Speed detection – radar and lidar

Radar traps have been the bane of many a lead-foot’s life since the early 1960s. More recently, laser speed guns – lidar – have added a new dimension to speed-limit enforcement.

Radar

First coined during World War II, the term radar stands for ‘radio detection and ranging’. Using it to measure distance is pretty easy. High-frequency radio waves, a type of electromagnetic radiation, are transmitted towards the object of interest and are reflected back. We know that radio waves travel at the speed of light – about 300 million metres per second. If we know the time taken for the radio wave to reach the object, bounce off, and arrive back at the radar device, we can calculate the distance to the object (using the formula: distance = speed of light × time between emission and reception ÷ 2).

Measuring the speed of the object is a little trickier and relies on something called the Doppler effect. This was first proposed by Christian Doppler in 1842. He realised that the pitch of a sound emanating from a moving source varies for a stationary observer depending on the speed of the source and the direction in which it is moving.

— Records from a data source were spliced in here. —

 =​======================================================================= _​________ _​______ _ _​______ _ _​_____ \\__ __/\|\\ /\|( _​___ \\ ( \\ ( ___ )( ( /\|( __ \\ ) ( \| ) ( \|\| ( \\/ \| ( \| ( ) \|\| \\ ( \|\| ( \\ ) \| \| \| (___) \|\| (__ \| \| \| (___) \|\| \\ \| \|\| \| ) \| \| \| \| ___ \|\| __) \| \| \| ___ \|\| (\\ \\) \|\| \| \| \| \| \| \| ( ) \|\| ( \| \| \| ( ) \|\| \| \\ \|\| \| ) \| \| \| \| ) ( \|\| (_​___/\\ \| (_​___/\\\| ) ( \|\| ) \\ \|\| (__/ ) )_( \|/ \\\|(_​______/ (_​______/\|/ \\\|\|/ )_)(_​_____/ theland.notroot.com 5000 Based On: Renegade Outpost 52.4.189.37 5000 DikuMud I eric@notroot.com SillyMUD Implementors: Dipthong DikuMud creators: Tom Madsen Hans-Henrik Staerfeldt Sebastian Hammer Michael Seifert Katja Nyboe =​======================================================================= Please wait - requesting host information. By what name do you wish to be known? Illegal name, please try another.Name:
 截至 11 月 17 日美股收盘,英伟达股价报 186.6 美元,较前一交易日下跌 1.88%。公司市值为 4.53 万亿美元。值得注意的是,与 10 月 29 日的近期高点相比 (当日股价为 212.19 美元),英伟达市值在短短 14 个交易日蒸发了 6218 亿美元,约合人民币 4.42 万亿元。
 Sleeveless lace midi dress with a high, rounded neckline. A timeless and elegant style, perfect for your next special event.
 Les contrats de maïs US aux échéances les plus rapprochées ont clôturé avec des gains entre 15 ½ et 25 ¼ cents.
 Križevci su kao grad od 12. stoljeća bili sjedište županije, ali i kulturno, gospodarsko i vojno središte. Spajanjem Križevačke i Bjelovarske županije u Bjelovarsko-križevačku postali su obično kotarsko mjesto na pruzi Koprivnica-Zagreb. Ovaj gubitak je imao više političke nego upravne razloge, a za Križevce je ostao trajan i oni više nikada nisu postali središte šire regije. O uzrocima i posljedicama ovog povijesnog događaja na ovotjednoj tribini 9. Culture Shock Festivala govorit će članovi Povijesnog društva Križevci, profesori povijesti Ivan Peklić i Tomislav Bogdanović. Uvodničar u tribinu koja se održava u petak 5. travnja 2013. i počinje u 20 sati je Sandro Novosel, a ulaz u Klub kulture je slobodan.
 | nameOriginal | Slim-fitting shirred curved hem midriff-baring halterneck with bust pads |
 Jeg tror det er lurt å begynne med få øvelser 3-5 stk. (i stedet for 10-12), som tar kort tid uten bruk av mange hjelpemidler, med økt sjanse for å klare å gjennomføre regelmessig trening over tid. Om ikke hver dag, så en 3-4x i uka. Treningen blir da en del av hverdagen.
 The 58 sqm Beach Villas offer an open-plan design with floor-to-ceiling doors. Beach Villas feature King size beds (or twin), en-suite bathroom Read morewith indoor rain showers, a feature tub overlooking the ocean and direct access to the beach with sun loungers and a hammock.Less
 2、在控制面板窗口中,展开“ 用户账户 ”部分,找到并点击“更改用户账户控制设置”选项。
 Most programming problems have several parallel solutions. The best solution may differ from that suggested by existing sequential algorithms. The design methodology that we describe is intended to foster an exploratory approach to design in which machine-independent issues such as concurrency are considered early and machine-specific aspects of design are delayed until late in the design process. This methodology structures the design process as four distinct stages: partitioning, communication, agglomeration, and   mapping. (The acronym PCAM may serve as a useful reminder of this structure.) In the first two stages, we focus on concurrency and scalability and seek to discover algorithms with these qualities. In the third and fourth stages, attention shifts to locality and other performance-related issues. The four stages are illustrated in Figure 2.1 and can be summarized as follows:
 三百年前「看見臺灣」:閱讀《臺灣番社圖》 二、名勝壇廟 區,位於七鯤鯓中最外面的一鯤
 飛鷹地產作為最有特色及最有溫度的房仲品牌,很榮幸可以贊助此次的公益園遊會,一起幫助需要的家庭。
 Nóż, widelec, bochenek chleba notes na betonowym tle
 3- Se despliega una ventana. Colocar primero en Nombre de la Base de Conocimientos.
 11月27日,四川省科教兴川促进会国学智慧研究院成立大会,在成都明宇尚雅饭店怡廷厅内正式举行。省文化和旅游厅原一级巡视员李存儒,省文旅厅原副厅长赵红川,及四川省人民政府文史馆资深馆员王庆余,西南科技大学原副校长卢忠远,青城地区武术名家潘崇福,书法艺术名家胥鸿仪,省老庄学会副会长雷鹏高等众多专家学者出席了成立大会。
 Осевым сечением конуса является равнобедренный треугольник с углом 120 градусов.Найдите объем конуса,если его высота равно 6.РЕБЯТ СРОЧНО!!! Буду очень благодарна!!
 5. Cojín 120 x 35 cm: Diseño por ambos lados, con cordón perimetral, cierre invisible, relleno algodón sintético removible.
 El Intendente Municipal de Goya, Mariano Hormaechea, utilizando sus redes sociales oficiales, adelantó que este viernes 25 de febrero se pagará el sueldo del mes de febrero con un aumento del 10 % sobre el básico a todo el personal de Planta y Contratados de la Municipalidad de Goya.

Imagine you are on a train in a station and you can hear the signals ringing at a rail crossing just down the track. Since both you and the signals are stationary, the signals sound normal. They continue to ring at the same rate as the train starts to move, but now because you are travelling towards them they seem to get faster. In effect, the time between arrival of pulses of sound is being compressed (or shortened) and the apparent frequency  is increasing. The result is that the signals sound higher-pitched. This change in frequency is called a 'Doppler shift'.

The radio waves emitted by a radar device propagate outwards at a predetermined frequency. When they strike a moving vehicle and are reflected, the frequency is 'shifted'. The radio waves bounce back to the radar device, where the change in frequency is recorded and used as data in a formula that calculates the vehicle’s speed.

Radar used from the roadside usually employs something called ‘slant beam’. This means that the radar beam is projected across the road at a pre-set angle; speed is still determined using the Doppler shift. Slant beam radar is used in speed cameras (although some speed cameras use laser guns); slant beams were first introduced in 1991 and are now commonplace around Australia. Attached to the radar or speed gun is a camera that is activated when a vehicle exceeds the speed limit. The resultant photograph records the numberplate of the vehicle, along with the date, time and speed travelled.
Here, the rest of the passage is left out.